-- About this task --
Each record that follows is to be reproduced character for character, pictures excepted.

Records from a collection
==*==

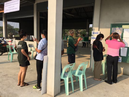 ที่อาคารงานป้องกันและบรรเทาสาธารณภัย เทศบาลตำบลเขาพระ อ.เดิมบางนางบวช จ.สุพรรณบุรี มีประชาชนออกมาใช้สิทธิเลือกตั้งนายกเทศมนตรีและสมาชิกสภาเทศมนตรี อย่างต่อเนื่อง
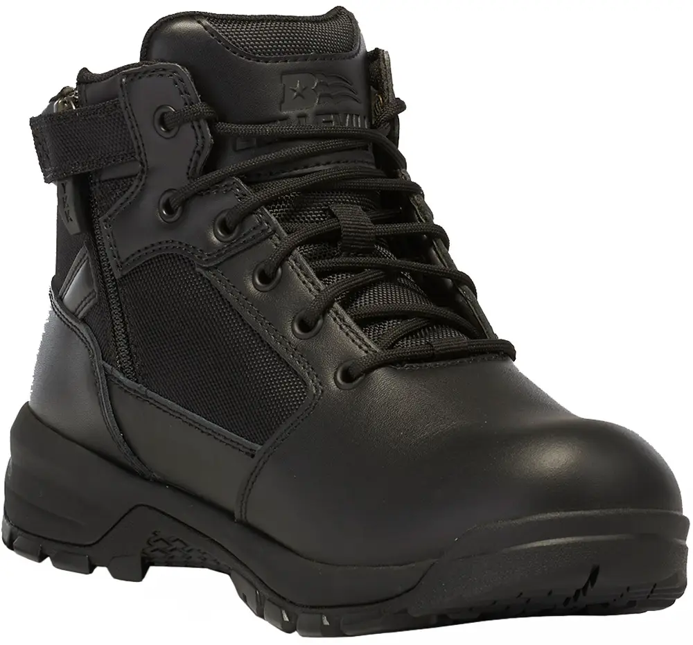 Черевики Belleville Spear Point BV915Z 5" 4 BlackЧеревики Spear Point 5" Lightweight Side-zip від бренду Belleville - тактичне взуття середньої висоти, яке є найкращим варіантом по співвідношенню ціна-якість. Модель виконана з високоякісної, полірованої, натуральної шкіри. Зверху інтегровані вставки з балістичного нейлону щільністю 1680 D. Підошва виготовлена з міцного матеріалу EVA, який має гарні теплоізоляційні та амортизаційні властивості. Формована устілка з поліуретану сприяє відведенню зайвої вологи та рівномірному розподілу навантаження. Для більшої зручності та захисту пальців, передбачений м'який носок. Збоку розміщені надійні блискавки YKK.
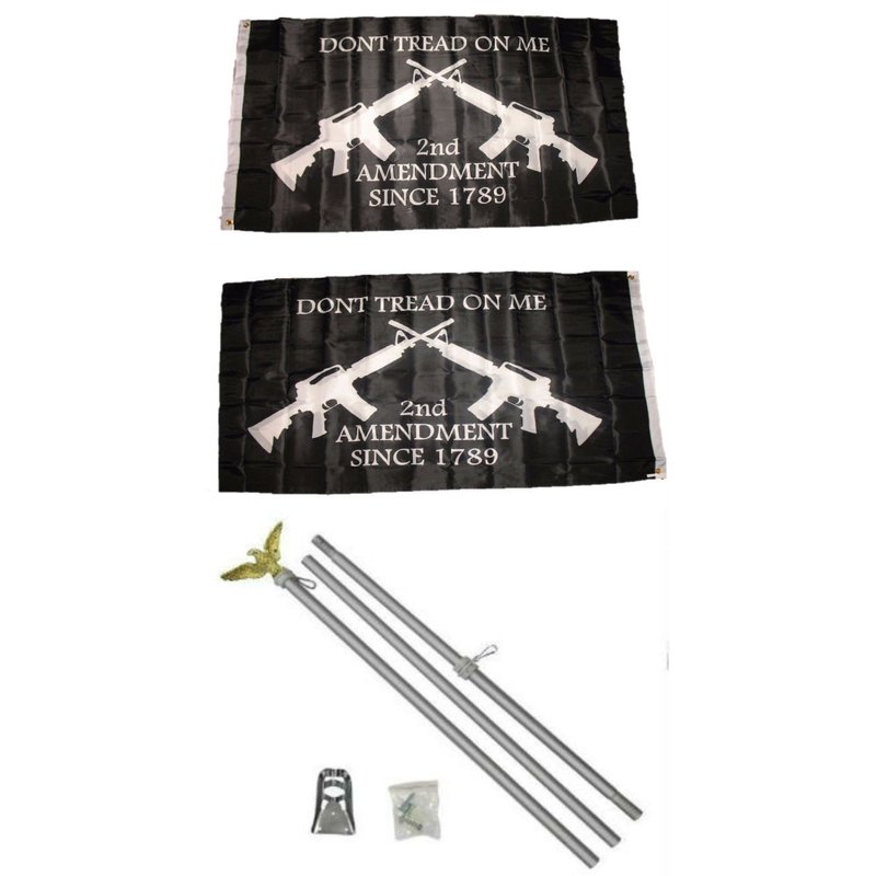 2nd Amendment Crossed Rifles Black 3'x5' Polyester 2 Ply Double Sided Flag With 6' Aluminum Flag Pole Kit With Eagle Topper
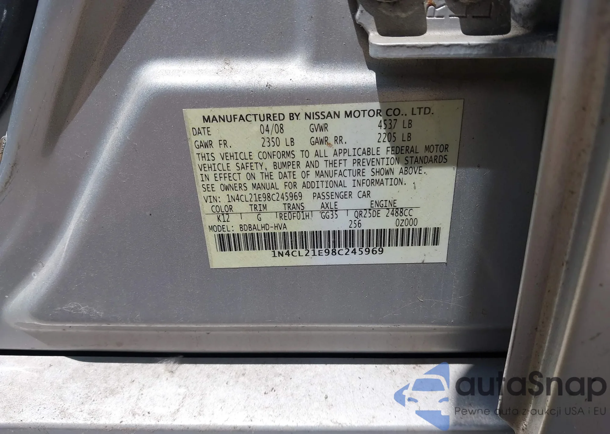 • VIN 1N4AL3AP7FC157210
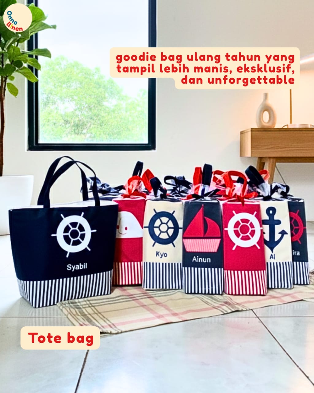 Di Onnellinen, kami memberikan panggung khusus bagi seri ini melalui produk unggulan kami: Totebag Seri Nautical. Totebag ini bukan sekadar wadah untuk acara sekali pakai; ia adalah pernyataan gaya. Dipilih oleh banyak pelanggan karena fleksibilitasnya, tas ini dirancang untuk menjadi bagian dari aktivitas harian penerimanya, mulai dari membawa buku hingga menjadi tas belanja cantik.
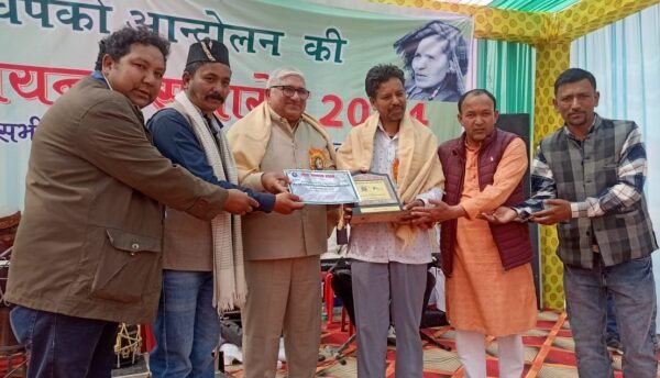 गोपेश्वर (चमोली)। चमोली जिले के जोशीमठ के रविग्राम खेल मैदान में गौरादेवी पर्यावरण एवं सामाजिक विकास समिति की ओर से चिपको आंदोलन की स्वर्ण जयंती पर दो दिवसीय कार्यक्रम आयोजित किया था। कार्यक्रम के दूसरे दिन बुधवार को समिति की ओर से विभिन्न क्षेत्रों में उत्कृष्ट कार्य करने के लिए छह लोगों को सम्मानित किया गया। बुधवार को दूसरे दिन कार्यक्रम का उद्घाटन बागवानी बोर्ड के राष्ट्रीय अध्यक्ष वीरेंद्र जुयाल ने दीप प्रज्वलित कर किया।
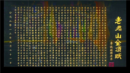 金頂賦碑立于金殿下,高1.89米,寬3.5米,花崗巖石材,由著名詞賦家李鐵成先生撰寫碑文并書丹,偃師孫少瑜刻石,2013年9月21日立石。
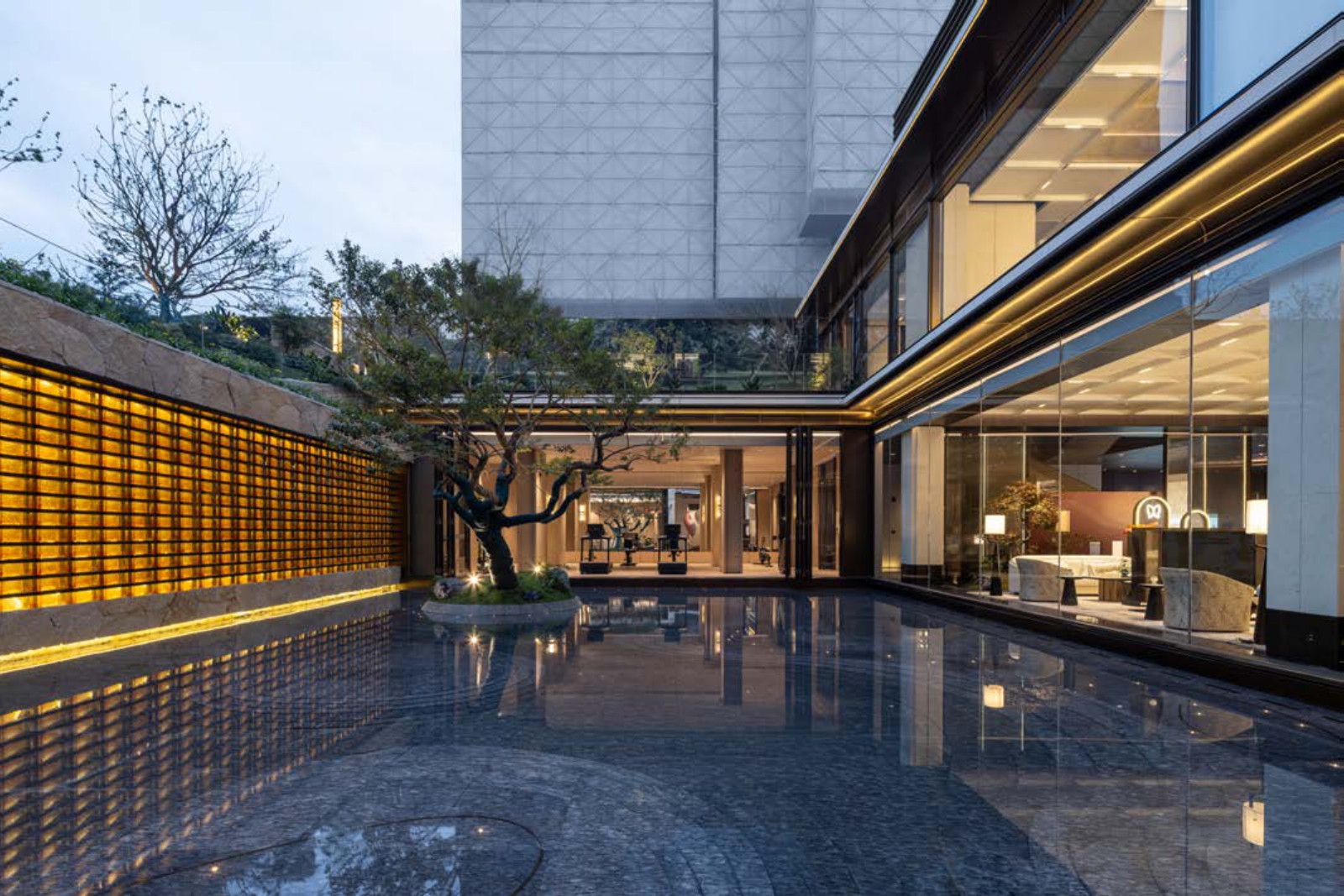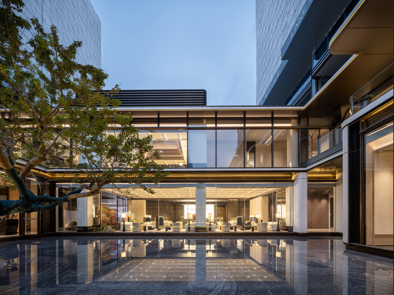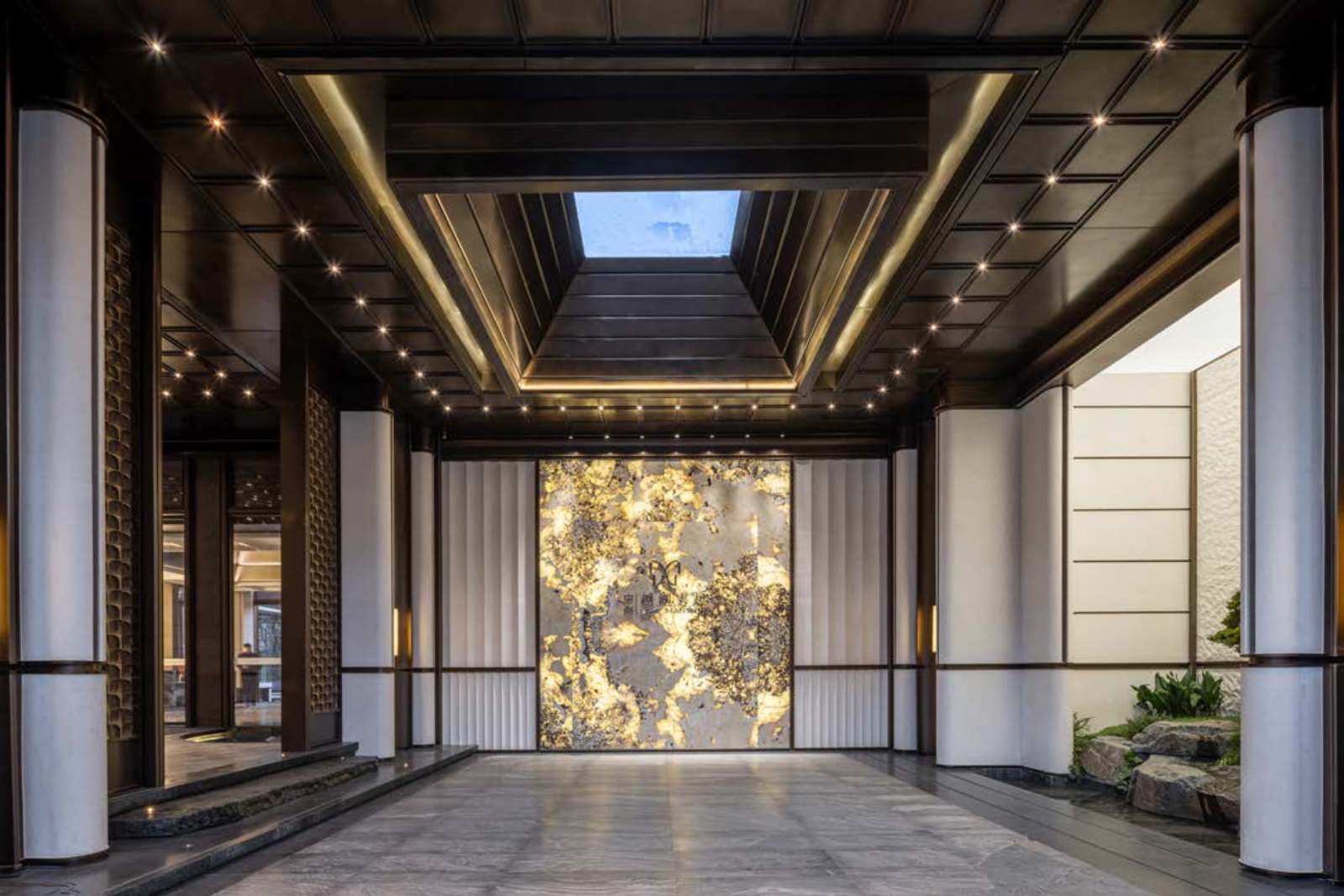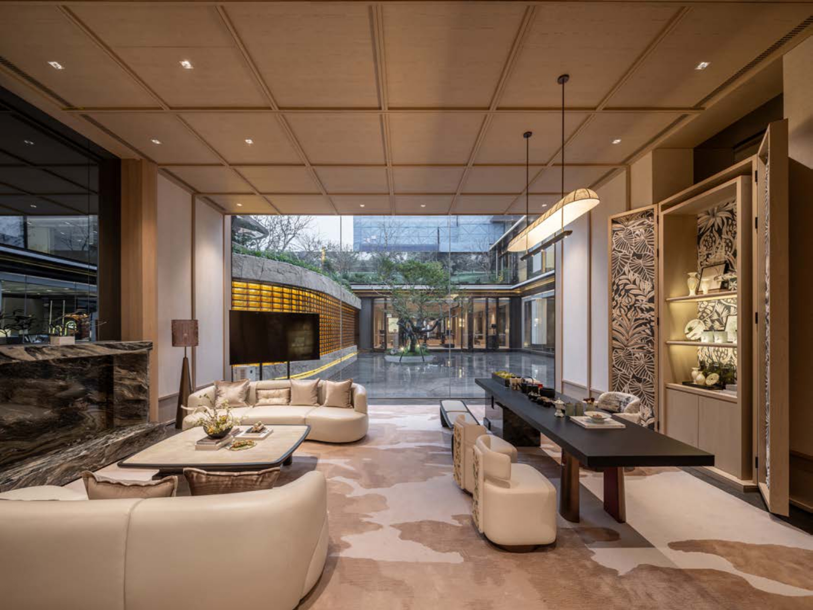 The pedestrian gateway is deliberately off-axis and approached by a turning path, evoking the experience of “winding path leads to a secluded quiet place” of Jiangnan gardens. In the reception lounge a partial raise of the mid-zone ceiling preserves sightlines from neighboring residence building while amplifying the sense of interior spaciousness. A super-scale glass curtain wall at the core dissolves the boundary between inside and outside.
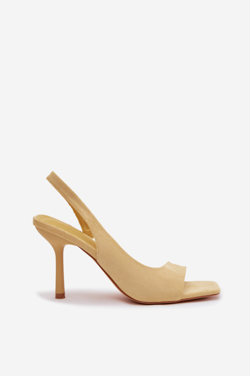 Sandalias de mujer con tacones finosde gamuza ecológicau color amarillo Calvoria
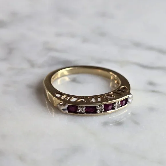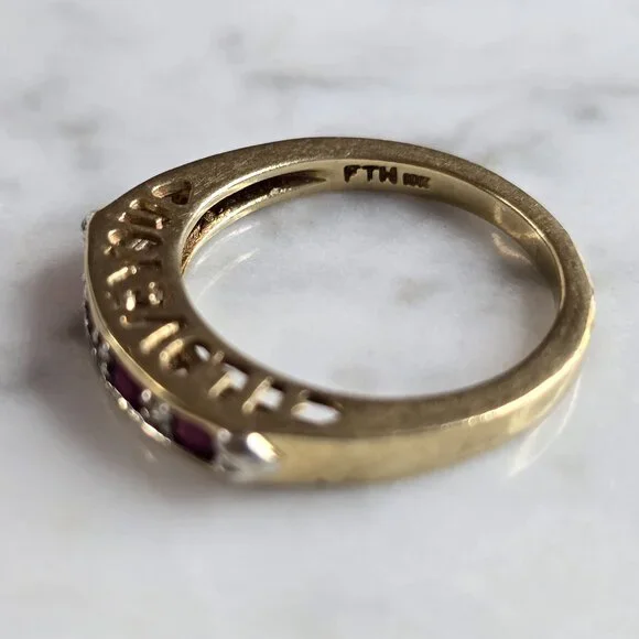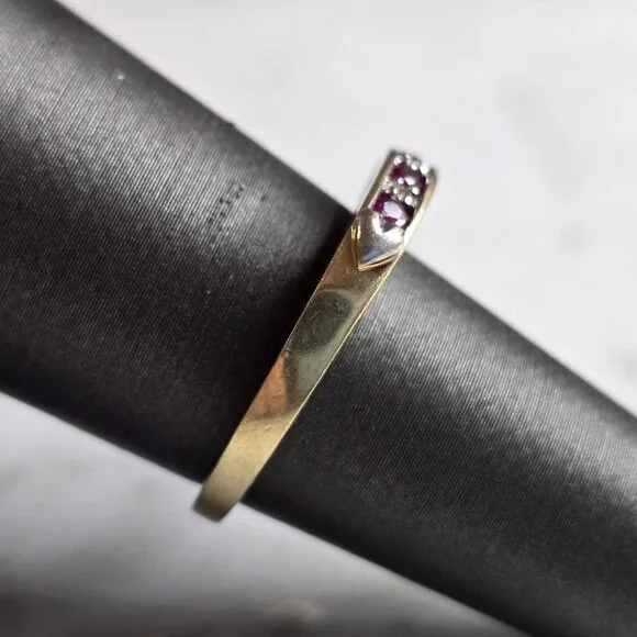 Womens Vintage Estate 10K Yellow Gold Diamond & Ruby Love Ring 2.8g E6553

==*==

-- Solution to the exercise --
 ที่อาคารงานป้องกันและบรรเทาสาธารณภัย เทศบาลตำบลเขาพระ อ.เดิมบางนางบวช จ.สุพรรณบุรี มีประชาชนออกมาใช้สิทธิเลือกตั้งนายกเทศมนตรีและสมาชิกสภาเทศมนตรี อย่างต่อเนื่อง
 Черевики Belleville Spear Point BV915Z 5" 4 BlackЧеревики Spear Point 5" Lightweight Side-zip від бренду Belleville - тактичне взуття середньої висоти, яке є найкращим варіантом по співвідношенню ціна-якість. Модель виконана з високоякісної, полірованої, натуральної шкіри. Зверху інтегровані вставки з балістичного нейлону щільністю 1680 D. Підошва виготовлена з міцного матеріалу EVA, який має гарні теплоізоляційні та амортизаційні властивості. Формована устілка з поліуретану сприяє відведенню зайвої вологи та рівномірному розподілу навантаження. Для більшої зручності та захисту пальців, передбачений м'який носок. Збоку розміщені надійні блискавки YKK.
 2nd Amendment Crossed Rifles Black 3'x5' Polyester 2 Ply Double Sided Flag With 6' Aluminum Flag Pole Kit With Eagle Topper
 • VIN 1N4AL3AP7FC157210
 Di Onnellinen, kami memberikan panggung khusus bagi seri ini melalui produk unggulan kami: Totebag Seri Nautical. Totebag ini bukan sekadar wadah untuk acara sekali pakai; ia adalah pernyataan gaya. Dipilih oleh banyak pelanggan karena fleksibilitasnya, tas ini dirancang untuk menjadi bagian dari aktivitas harian penerimanya, mulai dari membawa buku hingga menjadi tas belanja cantik.
 गोपेश्वर (चमोली)। चमोली जिले के जोशीमठ के रविग्राम खेल मैदान में गौरादेवी पर्यावरण एवं सामाजिक विकास समिति की ओर से चिपको आंदोलन की स्वर्ण जयंती पर दो दिवसीय कार्यक्रम आयोजित किया था। कार्यक्रम के दूसरे दिन बुधवार को समिति की ओर से विभिन्न क्षेत्रों में उत्कृष्ट कार्य करने के लिए छह लोगों को सम्मानित किया गया। बुधवार को दूसरे दिन कार्यक्रम का उद्घाटन बागवानी बोर्ड के राष्ट्रीय अध्यक्ष वीरेंद्र जुयाल ने दीप प्रज्वलित कर किया।
 金頂賦碑立于金殿下,高1.89米,寬3.5米,花崗巖石材,由著名詞賦家李鐵成先生撰寫碑文并書丹,偃師孫少瑜刻石,2013年9月21日立石。
 The pedestrian gateway is deliberately off-axis and approached by a turning path, evoking the experience of “winding path leads to a secluded quiet place” of Jiangnan gardens. In the reception lounge a partial raise of the mid-zone ceiling preserves sightlines from neighboring residence building while amplifying the sense of interior spaciousness. A super-scale glass curtain wall at the core dissolves the boundary between inside and outside.
 Sandalias de mujer con tacones finosde gamuza ecológicau color amarillo Calvoria
 Womens Vintage Estate 10K Yellow Gold Diamond & Ruby Love Ring 2.8g E6553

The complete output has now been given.